Car makers are lobbying the European Union to delay an agreed 2011 ban on climate-damaging chemicals in car air-conditioners, a letter from auto industry group ACEA shows.

The European Union ruled in 2006 that from 2011 it would ban the use of fluorinated chemicals, such as the industry standard known as R134a, which have a powerful climate-warming effect when released into the atmosphere.

The EU closed a legal loophole in April after learning that car makers were planning to use it to avoid the ban until 2017. But ACEA said they still needed more time.

Car manufacturers need sufficient lead-time of at least two-three years past January 1, 2011 to adjust to the changed situation, ACEA said in a letter to the European Commission seen by Reuters on Tuesday.

ACEA requests that the Commission work with the member states to find a pragmatic solution, it added.
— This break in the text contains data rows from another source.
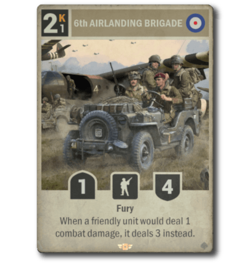 An Elite British Infantry unit, the 6th AIRLANDING BRIGADE has the Fury ability and the effect that when a friendly unit would deal 1 combat damage, it deals 3 instead. It has 1 attack, 4 defense, costs 2 Kredits to play and 1 Kredit to operate.
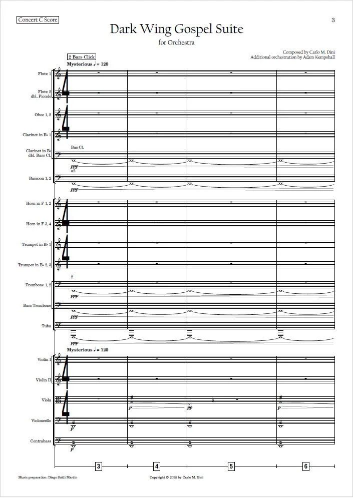 Score for a short orchestra suite (abt. 5 minutes) of my 2024 work, Dark Wing Gospel.
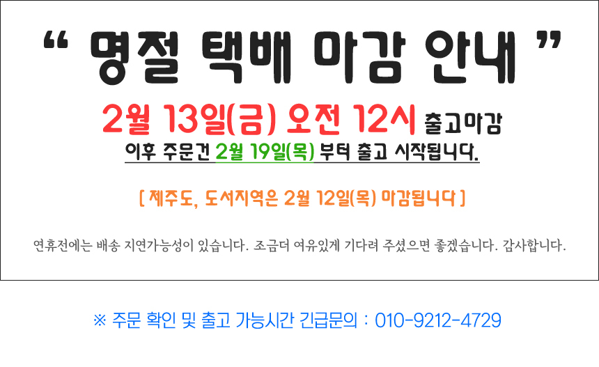 · 예약 발송 상품은 상 품 상세 설명에 안내한 배송관련 정보를 반드시 확인 후 구매해 주세요.
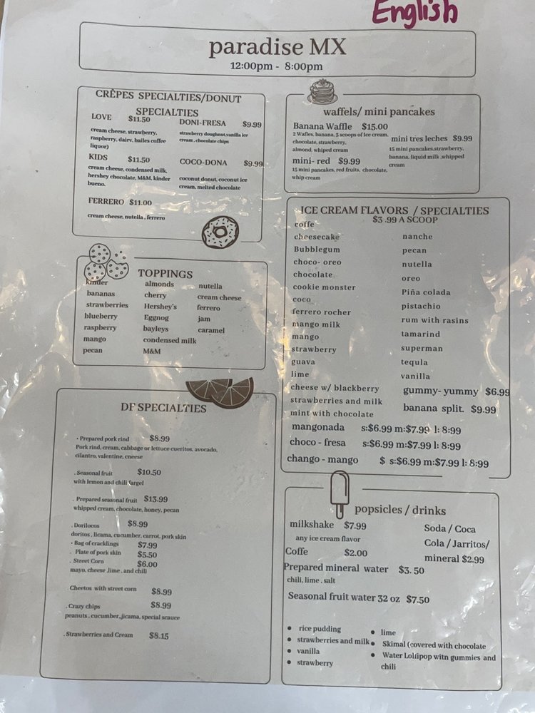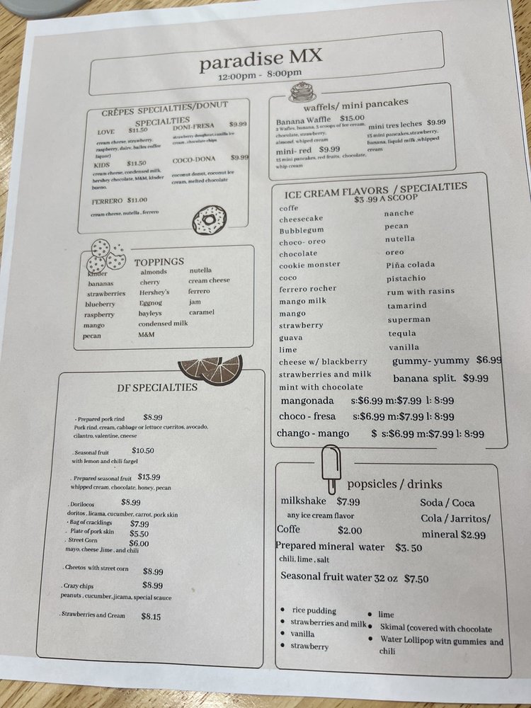 Introducing Paradise mx, a vibrant culinary gem in Indianapolis that promises a delightful fusion of tastes. Nestled at 7045 Emblem Dr, this establishment specializes in an array of enticing donuts and Mexican specialties. Their signature item, the CocoDona, features a coconut donut paired with luscious coconut ice cream and a chocolate drizzle, inviting you to indulge in a tropical escape. Fellow favorites like the DoniFresa showcase the sweet charm of strawberries atop vanilla ice cream, complemented by playful rainbow sprinkles.
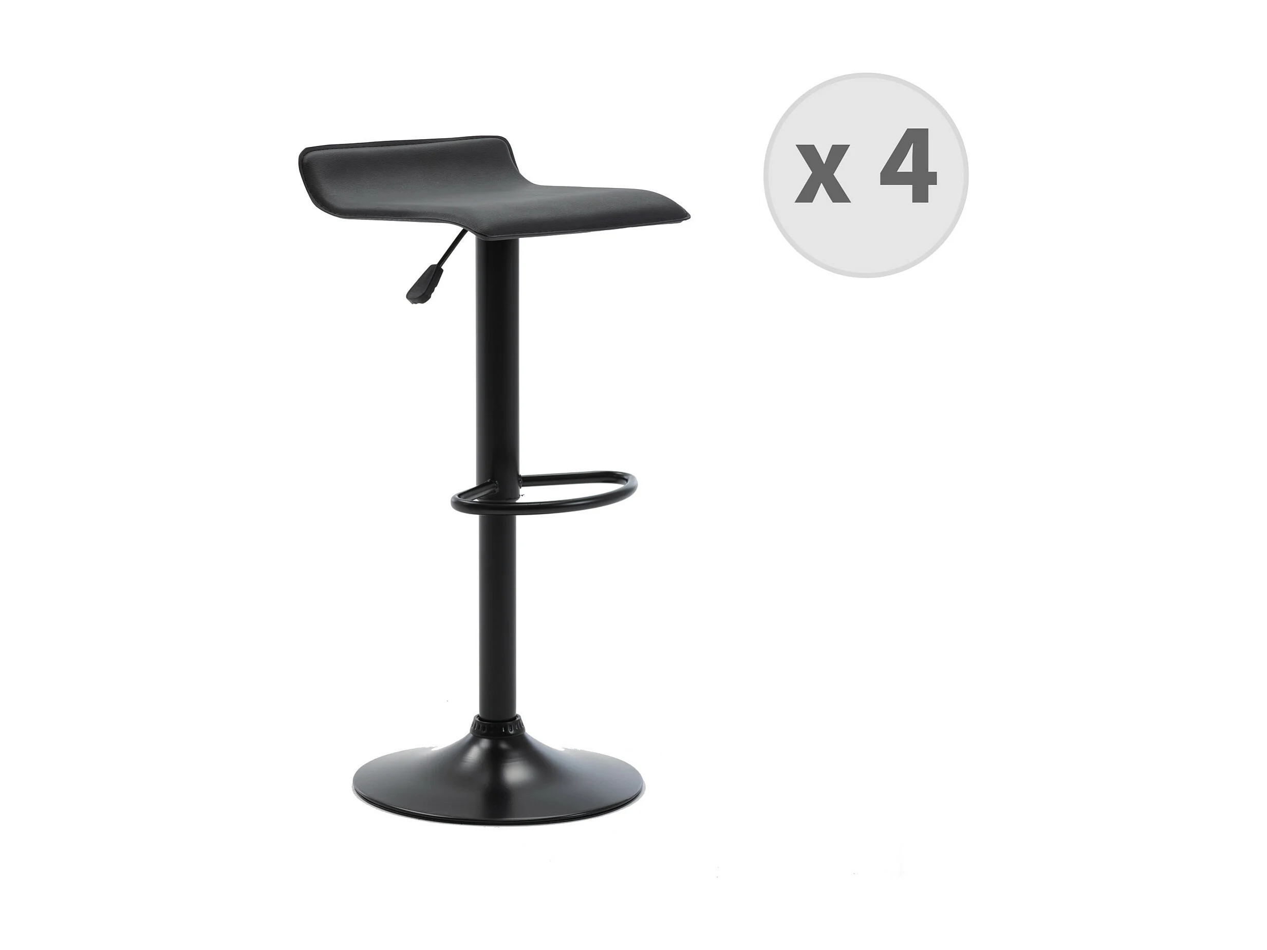 LEO - Tabourets de bar design réglable PU noir pieds noirs (x4)

ACEA's push follows success by auto manufacturers last year in delaying an EU plan to cut carbon dioxide, the main heat-trapping gas from burning fossil fuels.

It said automakers would need to invest an extra 40-200 euros ($55 to $280) per vehicle to meet the refrigerant standards, which could not be passed on to consumers in the current tough economic climate.

GREEN ALTERNATIVES

But environmentalists say the industry has already been given nearly five years to cut out climate-damaging refrigerants, and less harmful alternatives are widely available as a cheap, easy way of curbing damage to the climate.

A new market is emerging for greener refrigerants, with industry giant Honeywell International pitching its HFO-1234yf coolant against rival carbon dioxide-based cooling systems such as that of Austria's Obrist Engineering and U.S.-based Visteon.

The technology is developed and technology proven, but the car makers haven't placed the orders, a director at one major supplier of green refrigerants said on condition of anonymity for fear of angering car manufacturers.

The industry could provide millions of units, he added. As soon as they place the orders, we are ready to jump.

A scientific report on Tuesday showed greenhouse gases from refrigerants and air-conditioning were more harmful to the climate than previously thought.

In the worst case, use of hydrofluorocarbons could surge to cause global warming in 2050 equivalent to the impact of between 28 and 45 percent of emissions of carbon dioxide, Dutch and American scientists said in the U.S. journal Proceedings of the National Academy of Sciences.